=== WHAT YOU HAVE TO DO ===
Only the lines from the one containing "Women's St Patrick's" through the last line below belong in your copy; transcribe them exactly and omit any pictures.

-- RECORD EXCERPTS follows --

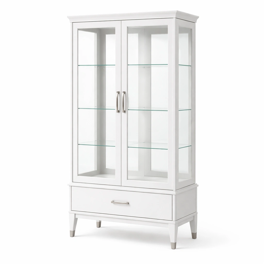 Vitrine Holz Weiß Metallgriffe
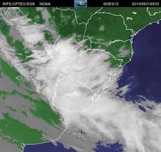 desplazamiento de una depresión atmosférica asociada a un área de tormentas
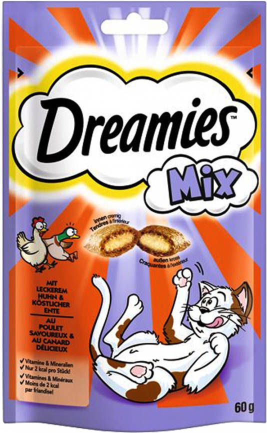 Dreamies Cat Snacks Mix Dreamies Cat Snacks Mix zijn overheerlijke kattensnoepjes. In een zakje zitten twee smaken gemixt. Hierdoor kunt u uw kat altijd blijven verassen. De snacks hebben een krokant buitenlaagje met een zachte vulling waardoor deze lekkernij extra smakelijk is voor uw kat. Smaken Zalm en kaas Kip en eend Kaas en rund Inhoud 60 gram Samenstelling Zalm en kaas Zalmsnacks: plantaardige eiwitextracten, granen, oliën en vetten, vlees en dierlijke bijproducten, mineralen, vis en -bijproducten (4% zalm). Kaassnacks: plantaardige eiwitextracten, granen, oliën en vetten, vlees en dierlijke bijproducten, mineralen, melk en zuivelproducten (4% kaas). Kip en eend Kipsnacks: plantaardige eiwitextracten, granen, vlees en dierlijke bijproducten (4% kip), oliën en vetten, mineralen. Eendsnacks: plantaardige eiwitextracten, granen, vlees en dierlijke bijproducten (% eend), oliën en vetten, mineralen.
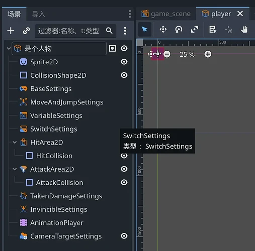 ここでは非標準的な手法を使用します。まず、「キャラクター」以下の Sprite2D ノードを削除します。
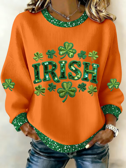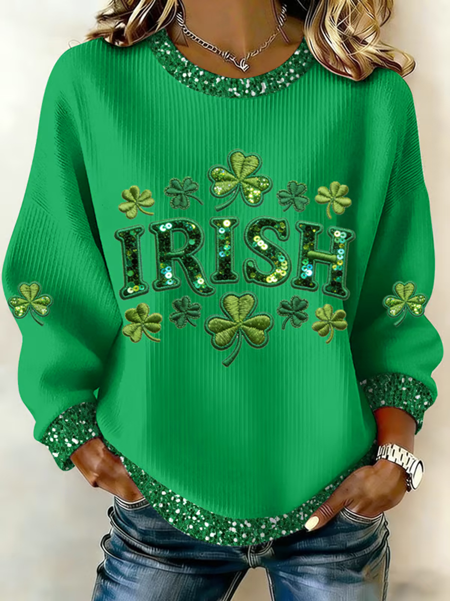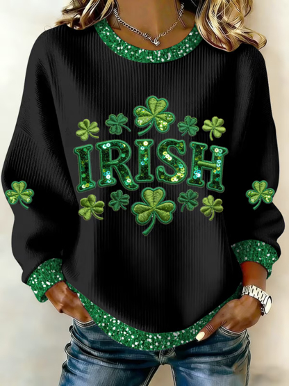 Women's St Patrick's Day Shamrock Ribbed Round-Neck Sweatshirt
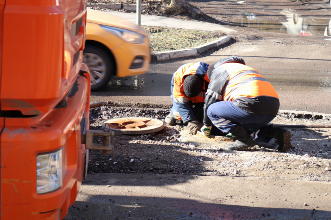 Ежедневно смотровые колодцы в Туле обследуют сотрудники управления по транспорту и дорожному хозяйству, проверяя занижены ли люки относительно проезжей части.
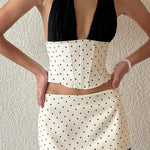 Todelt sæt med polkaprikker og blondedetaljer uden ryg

-- RECORD EXCERPTS concluded --

=== SOLVED PROBLEM ===
 Women's St Patrick's Day Shamrock Ribbed Round-Neck Sweatshirt
 Ежедневно смотровые колодцы в Туле обследуют сотрудники управления по транспорту и дорожному хозяйству, проверяя занижены ли люки относительно проезжей части.
 Todelt sæt med polkaprikker og blondedetaljer uden ryg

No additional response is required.